Etta:  What is it that you bring to the table at Intervention Associates?

Lisa:  I think from the perspective of a care manager working for Intervention Associates, it’s a professional who is familiar with working in the medical field and participating in a lot of different challenging conversations with medical professionals and family members—knowing what questions to ask, knowing how to guide the family through any process even if it’s not hospice but just any difficult decision. Is someone safe to leave the hospital? Maybe they’re in the hospital and they’re getting pushed out because they’re “medically stable” for discharge, but there are still some things that are pending and we’re not comfortable with it. So, it is trying to advocate for them to stay until things have resolved and just trying to navigate. What’s the difference between Medicare and Medicaid?  What benefit is it to them having someone under Medicare? What are they entitled to? Or if they’re going home and they need 24-hour care, it’s setting up that 24-hour care and checking in on those caregivers to make sure that they’re doing what needs to be done for that particular client.

Etta:  Do you have a favorite superhero?

Lisa:  I’m not a huge fan of, I guess, fictional superheroes characters, more so would be your real-life superhero. And maybe it might sound a little cliché, but I think my favorite superhero in my life would be my mom. She’s always empowered me and instilled in me that I could do whatever it is I wanted to do in life no matter how crazy it seemed. Maybe it wasn’t decisions or choices that she necessarily would’ve made but having that support. And she raised the family. She went back to school later in life. She graduated; she worked as a teacher. Now that I am a parent and working, I finally recognized what she did in her life to help me and her family succeed and be a good, loving, and caring family.

Etta:  I think she certainly prepared you well for life! I always feel for these complex areas in life, you have to almost be bred for them.

Lisa:  I feel like it takes a different special person to work with different populations, so I definitely feel like this area is definitely my calling. It’s what I’m comfortable with. I’ve been thrown into many different unprepared situations and I’ve been able to navigate them based on my comfort level with the clientele, the conversation and been able to work through it in a way that maybe not in that particular moment we’re successful working together, but we’re able to work on a relationship and become successful in the end.

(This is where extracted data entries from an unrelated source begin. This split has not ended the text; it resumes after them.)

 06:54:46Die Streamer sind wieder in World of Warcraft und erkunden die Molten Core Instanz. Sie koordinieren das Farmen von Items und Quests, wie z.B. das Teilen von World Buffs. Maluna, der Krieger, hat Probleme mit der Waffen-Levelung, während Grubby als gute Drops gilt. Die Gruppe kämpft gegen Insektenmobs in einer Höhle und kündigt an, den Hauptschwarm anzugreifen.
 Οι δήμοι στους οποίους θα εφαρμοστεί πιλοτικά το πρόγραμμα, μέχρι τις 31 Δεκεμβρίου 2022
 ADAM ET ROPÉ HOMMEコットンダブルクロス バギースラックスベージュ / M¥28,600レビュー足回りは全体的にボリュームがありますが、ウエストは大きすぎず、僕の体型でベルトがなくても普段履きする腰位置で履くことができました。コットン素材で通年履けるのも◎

The end goal is work towards that together.

Etta:  What would you like to say to families or someone considering working with a professional care manager?

Lisa:  We say to families that working with the care manager means then you go back to being their loved one, you go back to being their daughter, their son, their sister, their brother, and you’re not the person who is seen as the person running their life and not allowing them to do certain things. You can put that on to a professional who can then, in some ways sometimes, be the “bad guy.” By “bad guy” I mean advocating for them, making sure things are being done that maybe they wouldn’t know otherwise, and making sure that their day-to-day care needs are met. They’re taking their right medications; they’re getting to their doctor’s appointments; they’re getting the medical treatment they need, and then reporting back to the family. So the family can then be a positive support to their loved one instead of perhaps seen as that nagging loved one who keeps making decisions without their loved one’s inputs.

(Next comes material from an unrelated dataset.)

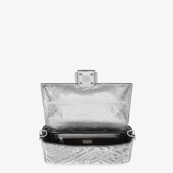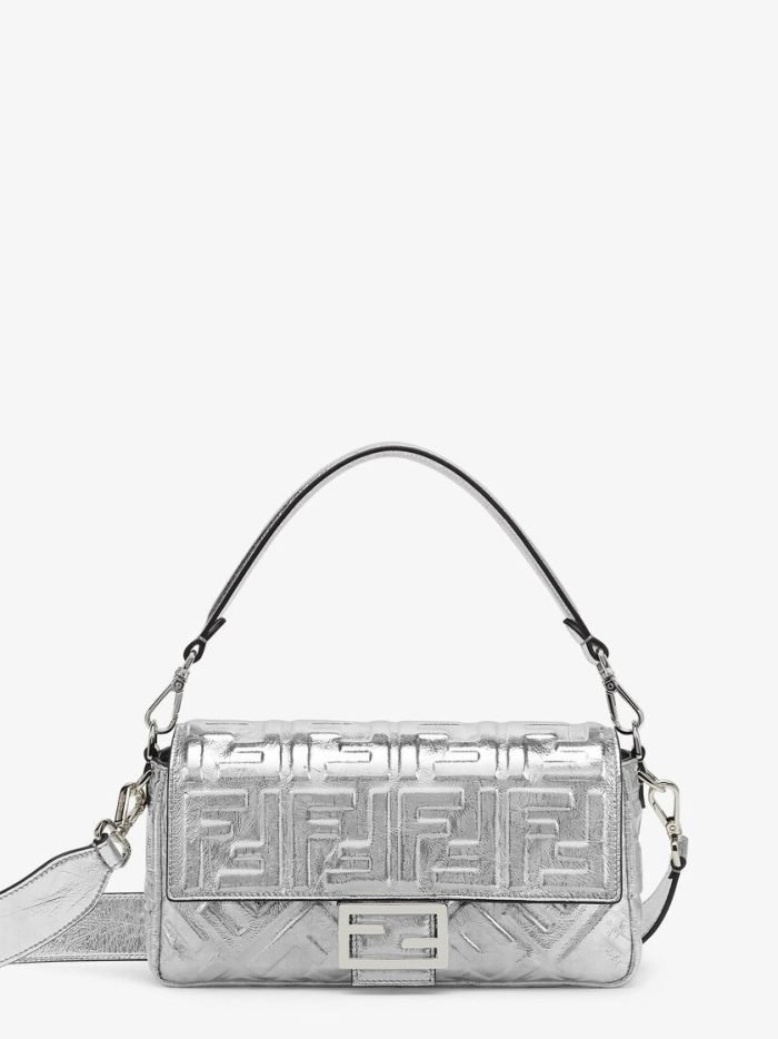 Iconic medium Baguette bag made of soft silver laminated nappa leather with a craquel?? effect and 3D embossed FF motif. Decorated with an FF clasp.Featuring a front flap. magnetic clasp. internal compartment lined in black fabric with zip pocket. and palladium-finish metalware.The bag can be carried by hand. or worn either on the shoulder or cross-body thanks to the handle and shoulder strap. both detachable.

Etta:  Lisa, thank you for sharing about your work. It’s not often we get to have conversations about end-of-life care, so this was quite insightful and extremely informative.

Lisa:  Thank you. I appreciate the time. Hopefully it’s conveyed about how passionate I am about not only what I do at Intervention Associates but also what I do with working with the particular population that I enjoy working with. I could talk about it for hours and just the different situations that come up. At the end of the day, it’s an honor and it’s a privilege each and every client and family that I have come in contact with and continue to come in contact with that I’m trusted to be such an important role in their life. It’s amazing.